Navidea Biopharmaceuticals, Inc. (NYSE MKT: NAVB) has entered an
exclusive agreement with a wholly-owned subsidiary of Hainan
Sinotau Pharmaceutical Co., Ltd., a pharmaceutical organization
with a broad China focus in oncology and other therapeutic areas,
who will develop and commercialize Lymphoseek® (technetium Tc 99m
tilmanocept) Injection in China. In exchange, Navidea will earn
revenue based on unit sales to Sinotau, a royalty based on
Sinotau’s sales of Lymphoseek and up to $2.5 million in milestones
from Sinotau, including a $300,000 upfront payment. Lymphoseek is a
novel, receptor-targeted, small-molecule radiopharmaceutical
approved in the U.S. for use in lymphatic mapping to assist in the
detection of lymph nodes in patients with breast cancer or melanoma
and for use in guiding sentinel lymph node biopsy in certain oral
cancer patients.
As part of the agreement, Sinotau is responsible for costs and
conduct of clinical studies and regulatory applications to obtain
Lymphoseek approval by the China Food and Drug Administration
(CFDA). Upon approval, Sinotau will be responsible for all
Lymphoseek sales, marketing, market access and medical affairs
activities in China and excluding Hong Kong, Macau and Taiwan.
Navidea and Sinotau will jointly support certain pre-market
planning activities with a joint commitment on clinical and market
development programs pending CFDA approval. In addition to the
$300,000 upfront, Navidea is eligible for $700,000 in milestones up
to and through product approval, and an additional $1.5 million in
sales milestones.
“This agreement is part of our goal to make Lymphoseek available
to as many physicians and cancer patients around the world as
quickly and effectively as possible,” said Thomas Tulip, Ph.D.,
President and Chief Business Officer of Navidea. “We
selected Sinotau as a partner in China given their success in
developing and filing for market approvals on more than 20 drugs,
their pharmaceutical sales and marketing experience, and their
established relationships with hospitals and clinicians throughout
China.”
“Our partnership combines Navidea’s expertise in
radiopharmaceuticals, clinical development and manufacturing with
our extensive development, regulatory, sales, and marketing
capabilities,” commented Xu Xinsheng, Sinotau President and CEO.
“The goal will be to offer a novel radiopharmaceutical to
potentially spare patients from unnecessary surgery and which can
play a critical role in staging and directing cancer treatment. We
look forward to giving physicians this new tool in the fight
against the many types of cancers common in China, such as breast,
oral, and gastric cancers and contributing to bettering the lives
of those afflicted with these conditions."

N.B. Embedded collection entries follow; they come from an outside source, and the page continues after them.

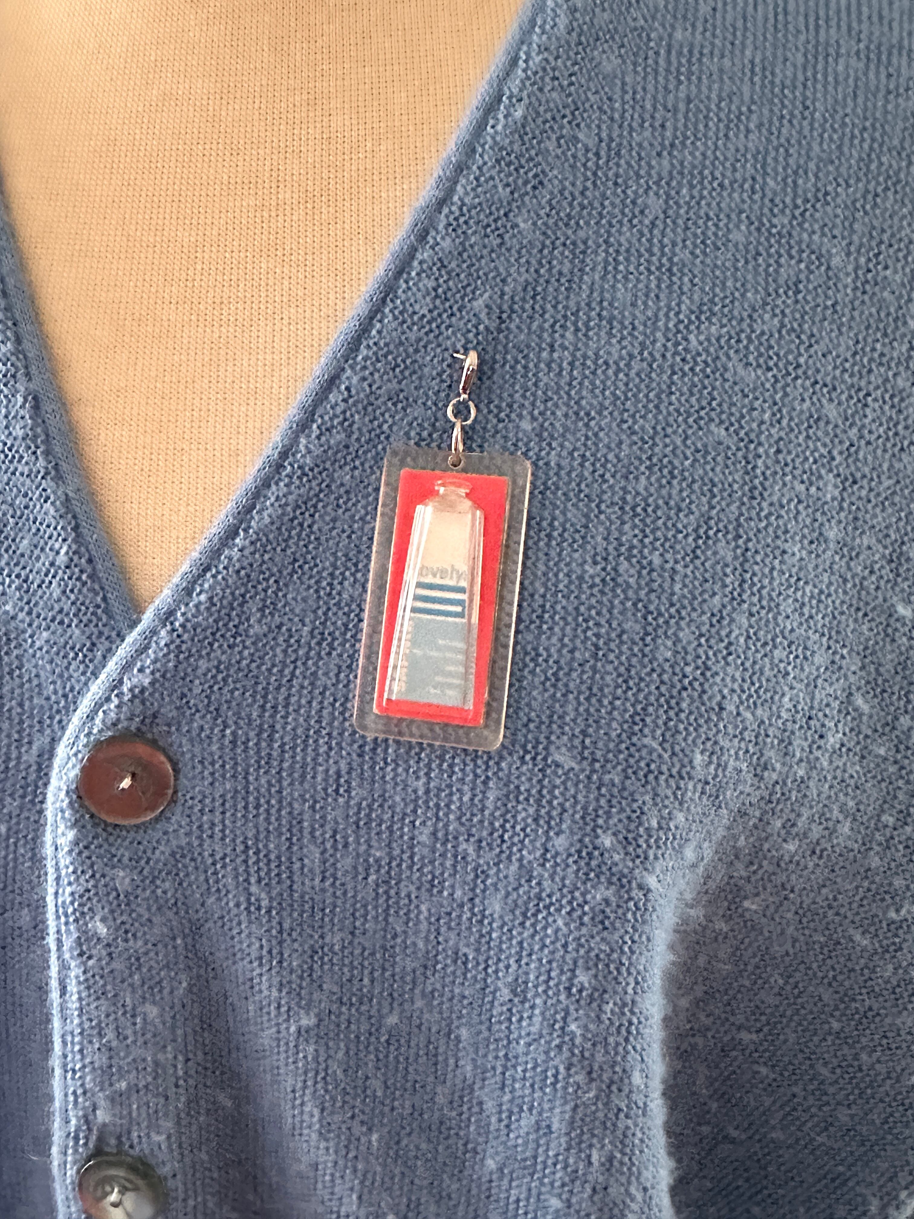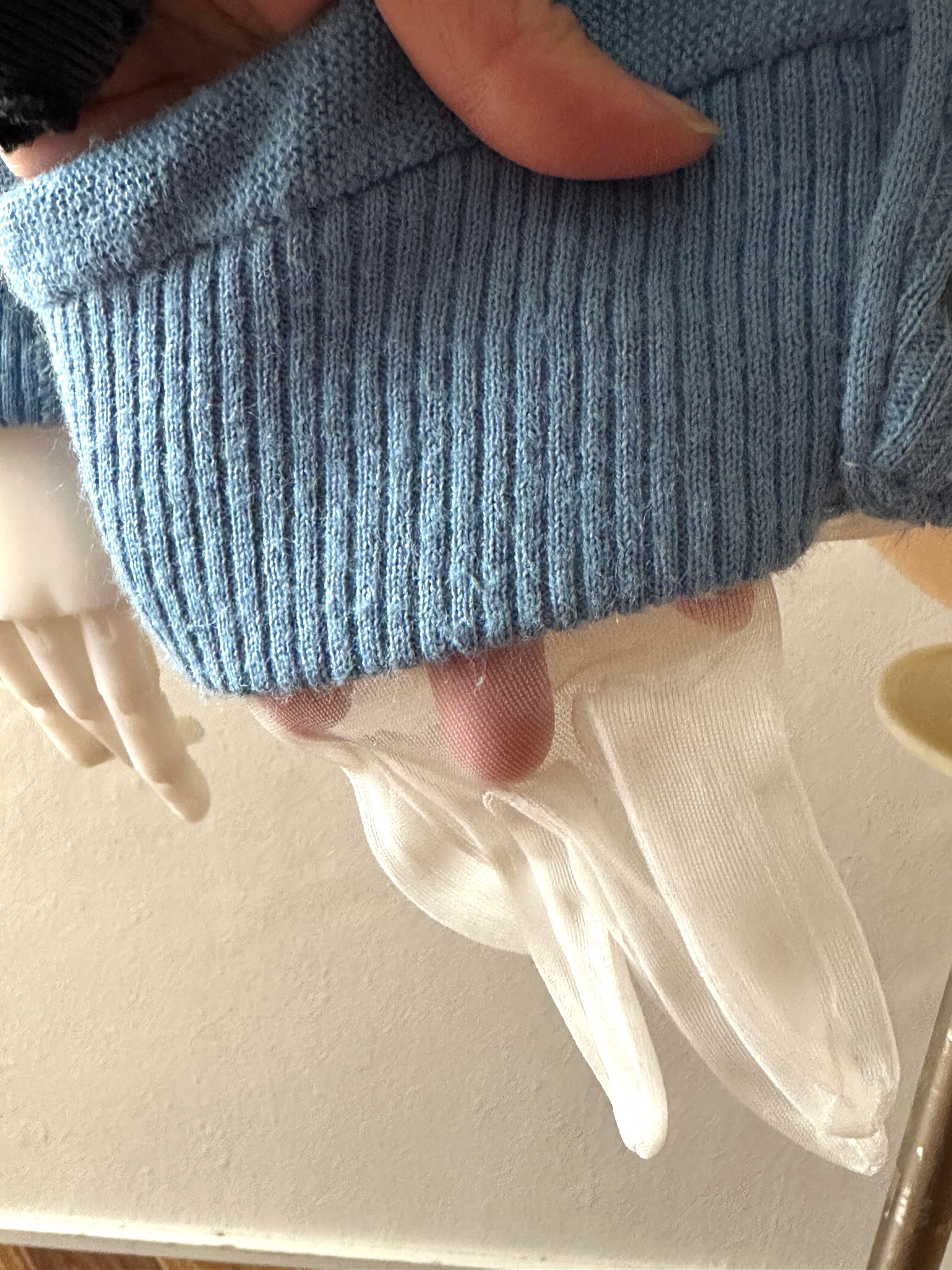 シースルーのグローブをポケットにした古着のカーディガンリメイクとなります。
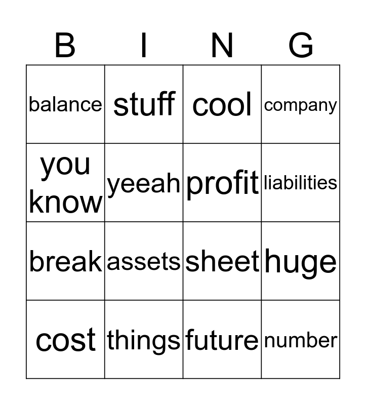 This bingo card has 16 words: things, huge, cool, balance, break, stuff, sheet, future, you know, yeeah, cost, company, assets, liabilities, profit and number.
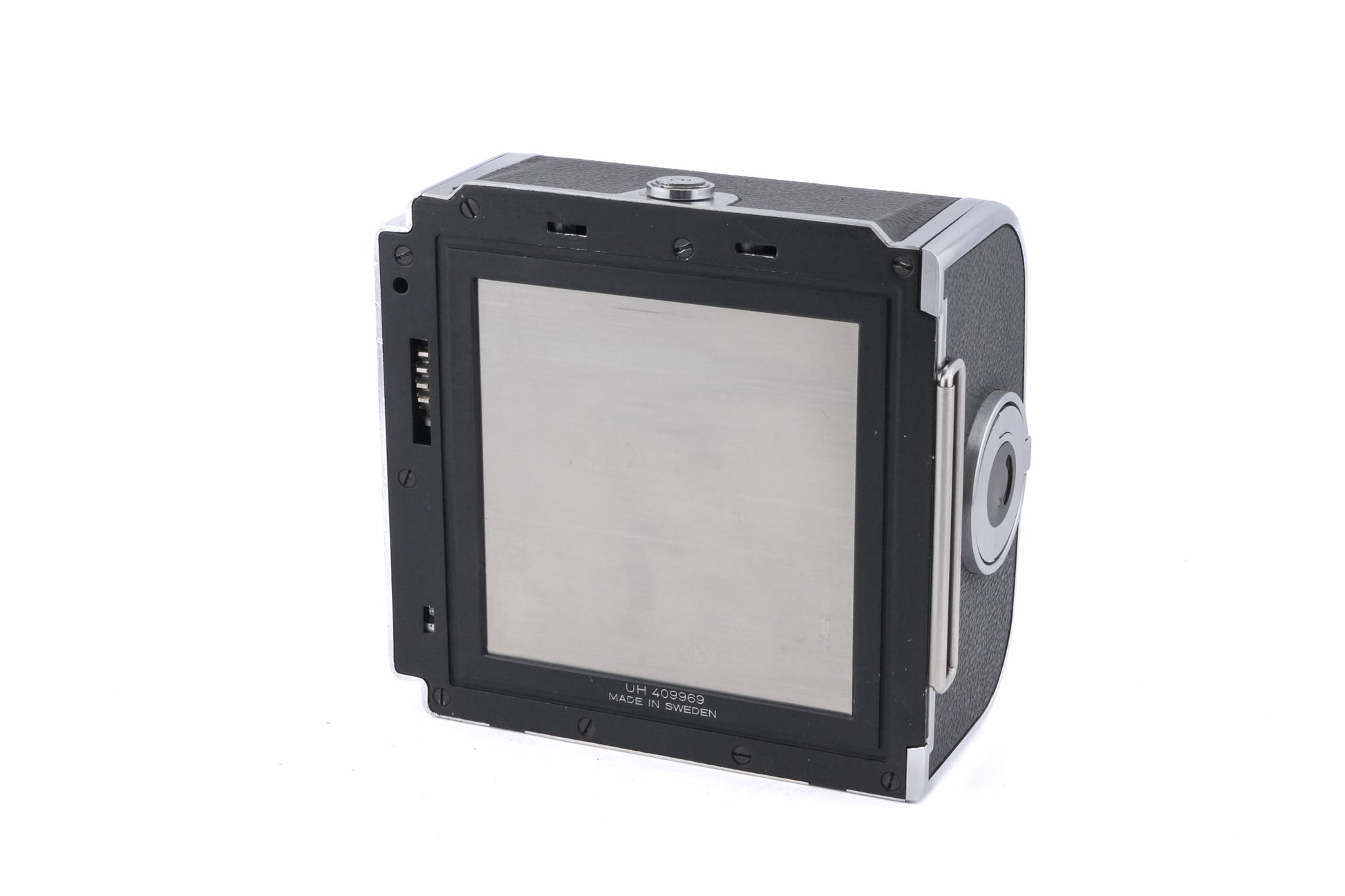 Waist-level viewfinder made for V series 120 SLR cameras by Hasselblad starting in 1984. This is the newer version with an improved opening and closing mechanism. The sides can be folded simultaneously instead of needing to be done individually. Has an interchangeable pop-up fine focus loupe. Metal body available in chrome.
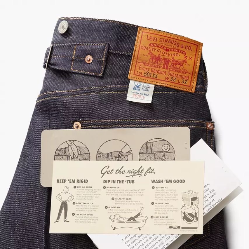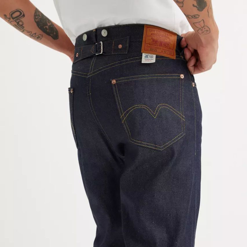 Notre jean 501® de 1933 a été revisité avec des passants de ceinture et des détails traditionnels, comme la martingale classique et les boutons à bretelles. À l’époque, les personnes qui portaient des vêtements Levi's® découpaient souvent la martingale au niveau du rivet et supprimaient les boutons à bretelles, tout simplement parce qu’elles ne portaient pas leur jean Levi's® avec des bretelles, contrairement à l’ancienne génération. Conscients de cette pratique, des revendeurs Levi's® gardaient une grande paire de ciseaux à côté de leur caisse pour découper la martingale de leurs jeans lorsque leurs clients le leur demandaient.
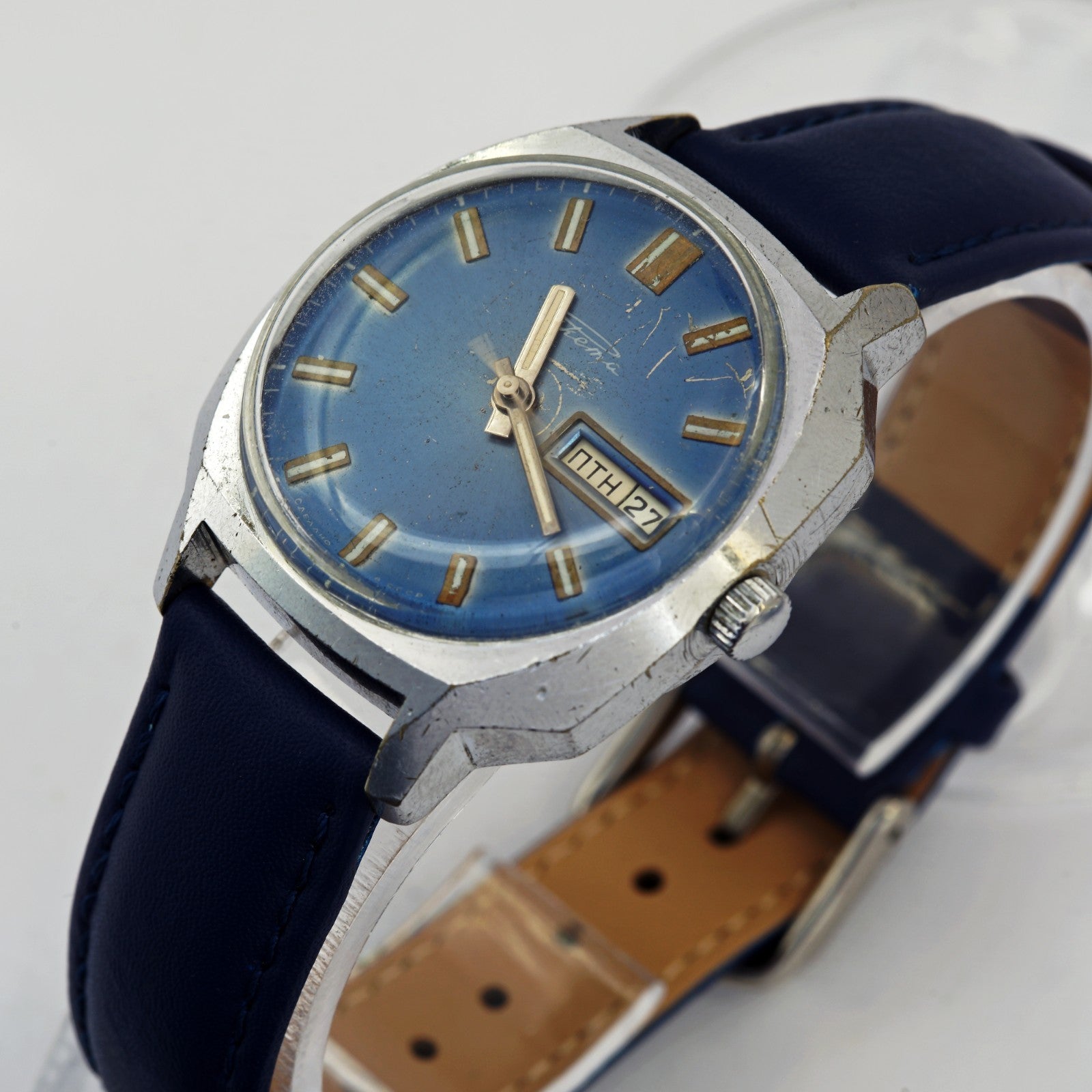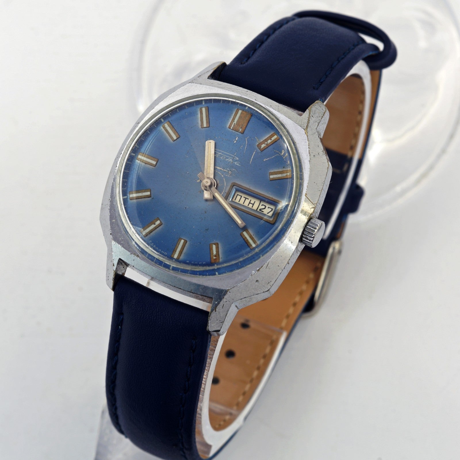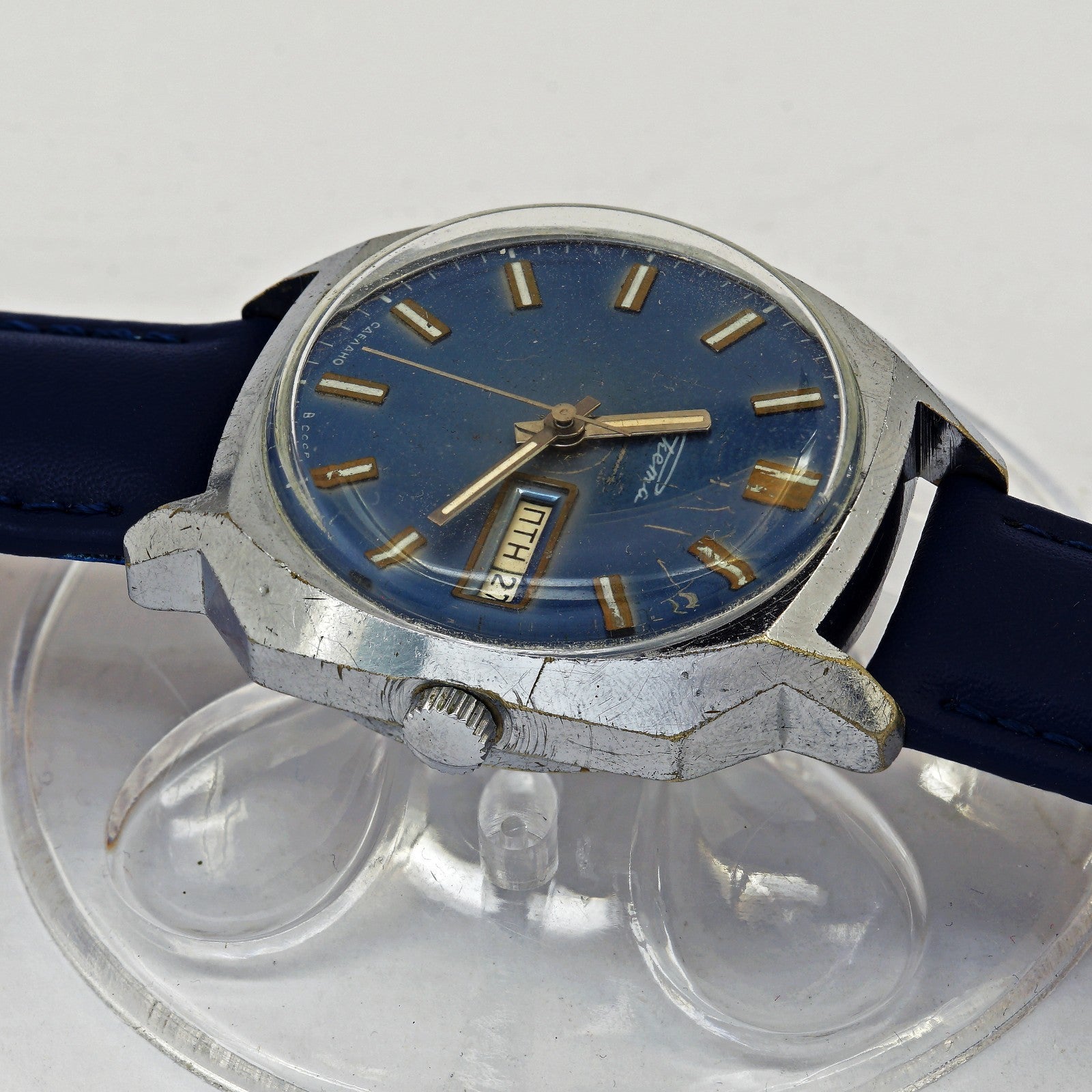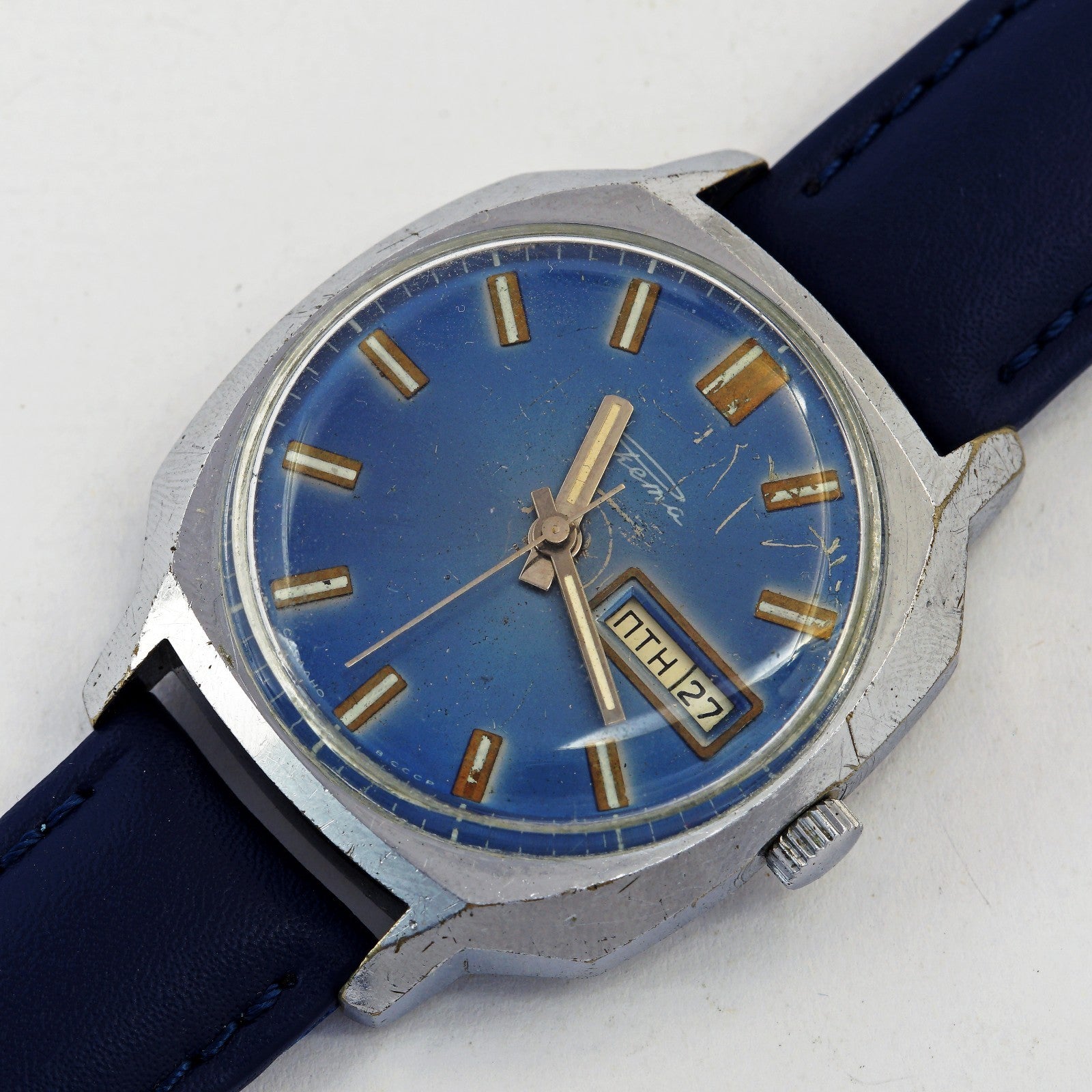 Rare RAKETA 2627.H men's automatic wristwatch with day and date indicator. Blue dial

About Lymphoseek®Lymphoseek® (technetium Tc 99m
tilmanocept) Injection is the first and only FDA-approved
receptor-targeted lymphatic mapping agent. It is a novel,
receptor-targeted, small-molecule radiopharmaceutical used in the
evaluation of lymphatic basins that may have cancer involvement in
patients with breast cancer, melanoma and head and neck cancer
patients with oral cavity carcinoma. Lymphoseek is designed for the
precise identification of lymph nodes that drain from a primary
tumor, which have the highest probability of harboring cancer.
Lymphoseek is approved by the U.S. Food and Drug Administration
(FDA) for use in lymphatic mapping to assist in the localization of
lymph nodes draining a primary tumor in patients with breast cancer
or melanoma and for use in guiding sentinel lymph node biopsy in
head and neck cancer patients with squamous cell carcinoma of the
oral cavity. The Company anticipates continuing development of
Lymphoseek into other solid tumor areas.
Lymphoseek Indication and Important Safety
InformationLymphoseek (technetium Tc 99m tilmanocept) Injection
is indicated, using a hand-held gamma counter, for:
- Lymphatic mapping to assist in the
localization of lymph nodes draining a primary tumor site in
patients with breast cancer or melanoma;
- Guiding sentinel lymph node biopsy, in
patients with clinically node negative squamous cell carcinoma
(SCC) of the oral cavity.
Important Safety InformationIn clinical trials with
Lymphoseek, no serious hypersensitivity reactions were reported,
however Lymphoseek may pose a risk of such reactions due to its
chemical similarity to dextran. Serious hypersensitivity reactions
have been associated with dextran and modified forms of dextran
(such as iron dextran drugs).
Prior to the administration of Lymphoseek, patients should be
asked about previous hypersensitivity reactions to drugs, in
particular dextran and modified forms of dextran. Resuscitation
equipment and trained personnel should be available at the time of
Lymphoseek administration, and patients observed for signs or
symptoms of hypersensitivity following injection.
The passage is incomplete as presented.